In baptism, there is a belonging and there is a joining together (koinonia).  The baptized belong to Christ, and to the body of Christ.  The baptized are joined together with Christ, and with the body of Christ. To belong and to be joined together is a tremendous act of grace.  Those who “do not belong” and “are not joined with others” are the most pitiful people in this world.  Thank God for His merciful loving kindness, that by believing in Him and through baptism, we may journey through life together living in His grace.

The Lord’s Supper

On the night the Lord Jesus was betrayed, at the table of the last supper, Jesus personally established the Lord’s supper:

For I received from the Lord that which I also delivered to you, that the Lord Jesus in the night in which He was betrayed took bread; and when He had given thanks, He broke it and said, “This is My body, which is for you; do this in remembrance of Me.” In the same way He took the cup also after supper, saying, “This cup is the new covenant in My blood; do this, as often as you drink it, in remembrance of Me.” For as often as you eat this bread and drink the cup, you proclaim the Lord’s death until He comes. (1 Cor 11:23-26)

The purpose of the Lord’s supper is to remember the Lord and to proclaim the Lord’s death.  Every time we eat this bread and drink this cup, we are displaying the Lord’s death so that others may see Him.  The Lord said the broken bread is “My body, which is for you”, and the crimson cup is “the new covenant in My blood”.  The Lord Jesus loved us so much that He gave Himself on the cross, pouring out His blood for sinners, and in doing so, accomplished the work of eternal salvation.  Every time we eat this bread and drink this cup, it is as though we are once again receiving the grace of our Lord.  Just like baptism, the Lord’s supper has significance in our vertical relationship with the Lord and our horizontal relationships with each other.

Is not the cup of blessing which we bless a sharing (koinonia) in the blood of Christ? Is not the bread which we break a sharing (koinonia) in the body of Christ?  Since there is one bread, we who are many are one body; for we all partake of the one bread. (1 Cor 10:16-17)

The sharing of the bread and cup, which represents His body and His blood, is our koinonia.  You are partaking of the bread and cup not as an individual, but you are sharing in the bread and cup together with your brothers and sisters.  There are not many breads, but only one bread; there are not many bodies, but only one body.  We gather together at the table of the Lord and share together in the bread and the cup with thankful hearts.  How good and how beautiful it is to be joined together with Christ and with the members of Christ’s body!
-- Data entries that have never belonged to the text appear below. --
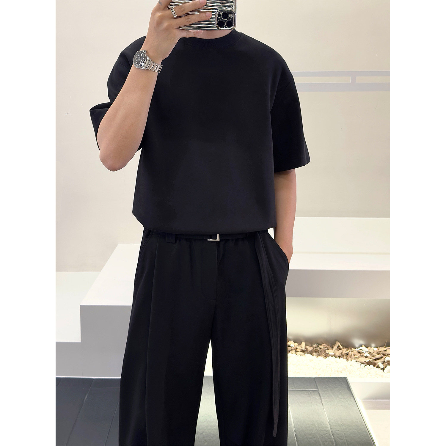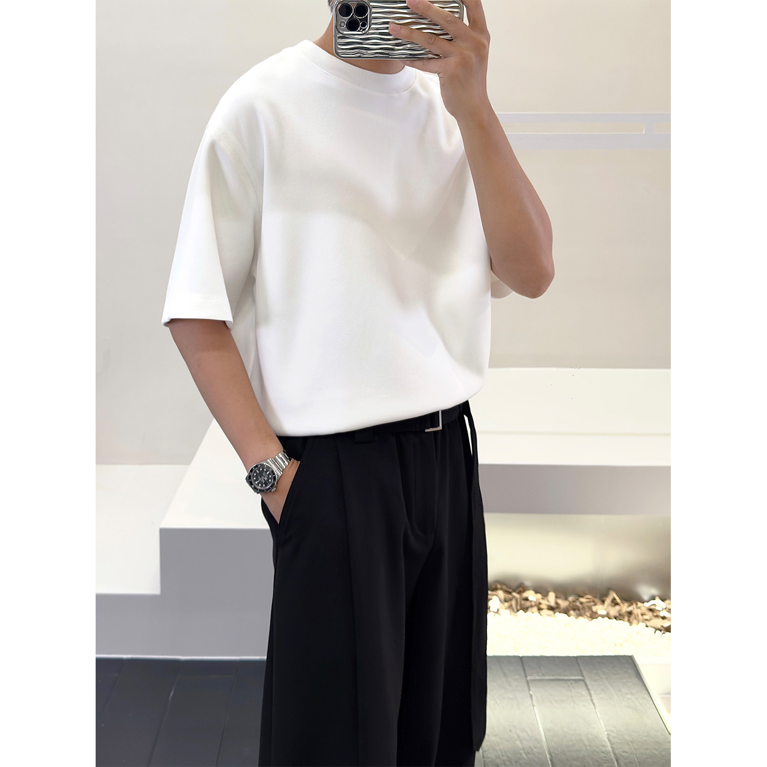 里奈男装【显肩宽】重磅320克太空棉短袖男打底衫宽松圆领T恤内搭
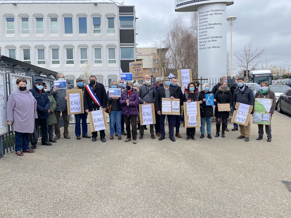 Un collectif de citoyens et d’élus des douze communes de la communauté d’agglomération Paris-Vallée de la Marne a lancé un appel pour réclamer le retour à une gestion publique de l’eau, lors d’un rassemblement, lundi 22 mars.
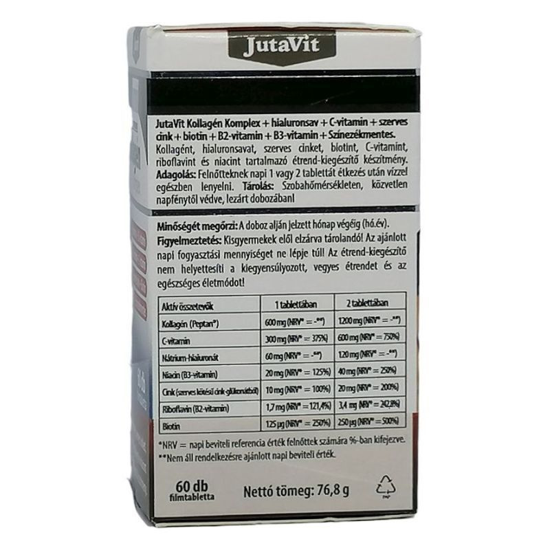 Kollagént, hialuronsavat, szerves cinket, biotint, C-vitamint, riboflavint, niacint tartalmazó étrend-kiegészítő készítmény.
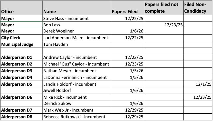 Tom Hayden will run unopposed for the Municipal Judge seat, and incumbent Lori Anderson-Malm is also unopposed for the City Clerk position. In the race for Mayor, Steve Hass will be opposed by Derek Woellner as Hass seeks a second term as the City’s Mayor.
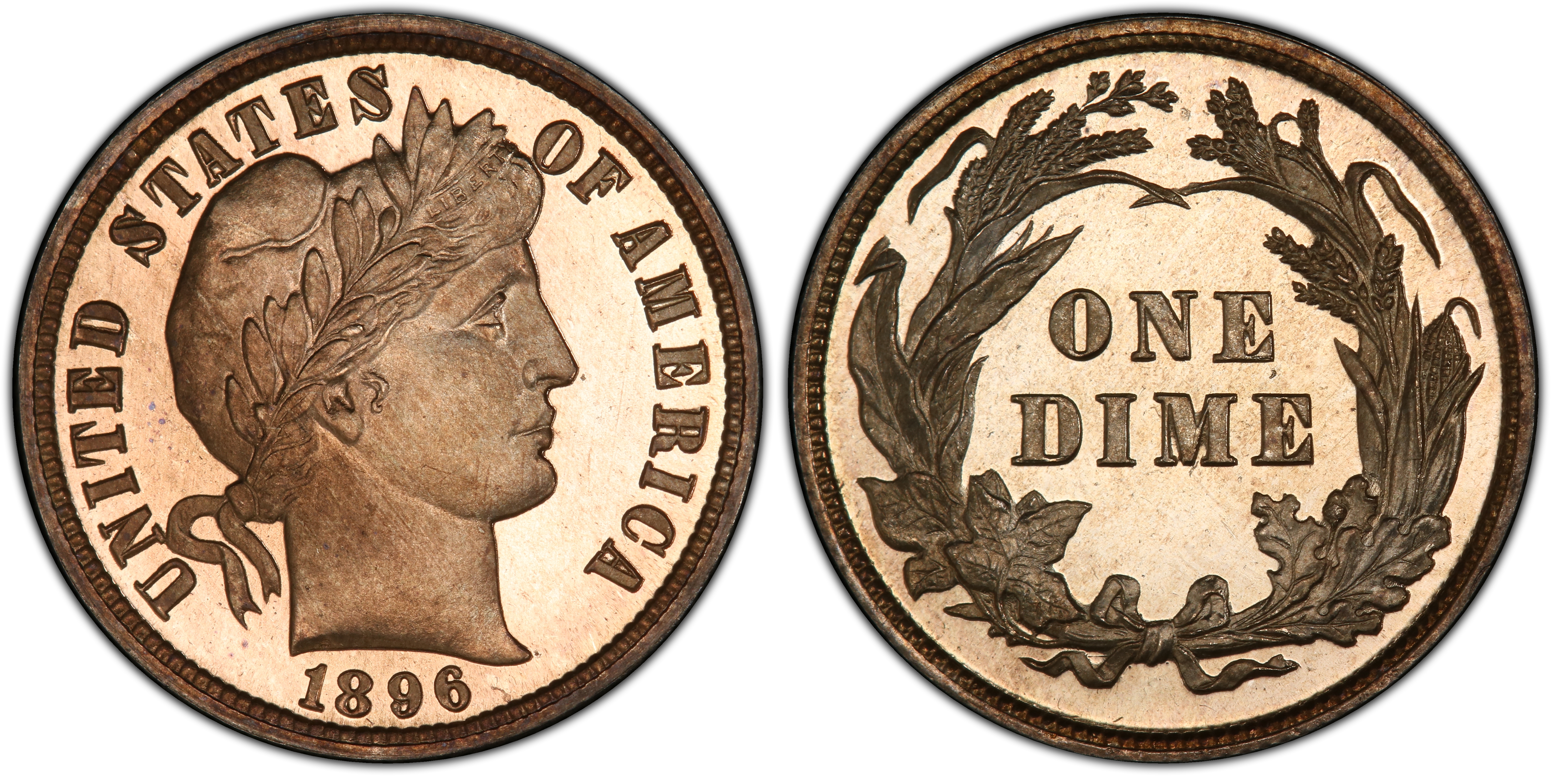 1896 10C, CAM PR67CAM Certification #34105203, PCGS #84880
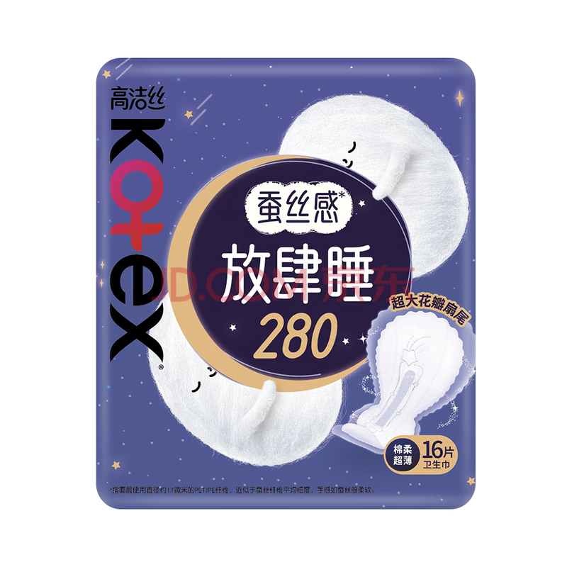 高洁丝【长夜呵护】蚕丝感放肆睡卫生巾280mm16片日用姨妈巾

Brothers and sisters, we see the riches of God’s grace in baptism and the Lord’s supper.  It is such grace that has broken down the barrier of the dividing wall, so that “whether Jews or Greeks, whether slaves or free”, we have been joined into one body, and each member belongs to all the others.  The Lord wants us to observe these shared ordinances, because we have shared participation (koinonia) with Christ.  The Lord desires to use these outward ceremonies as expressions of the fact that we are one in Christ.  Hallelujah, praise and thanks be to God!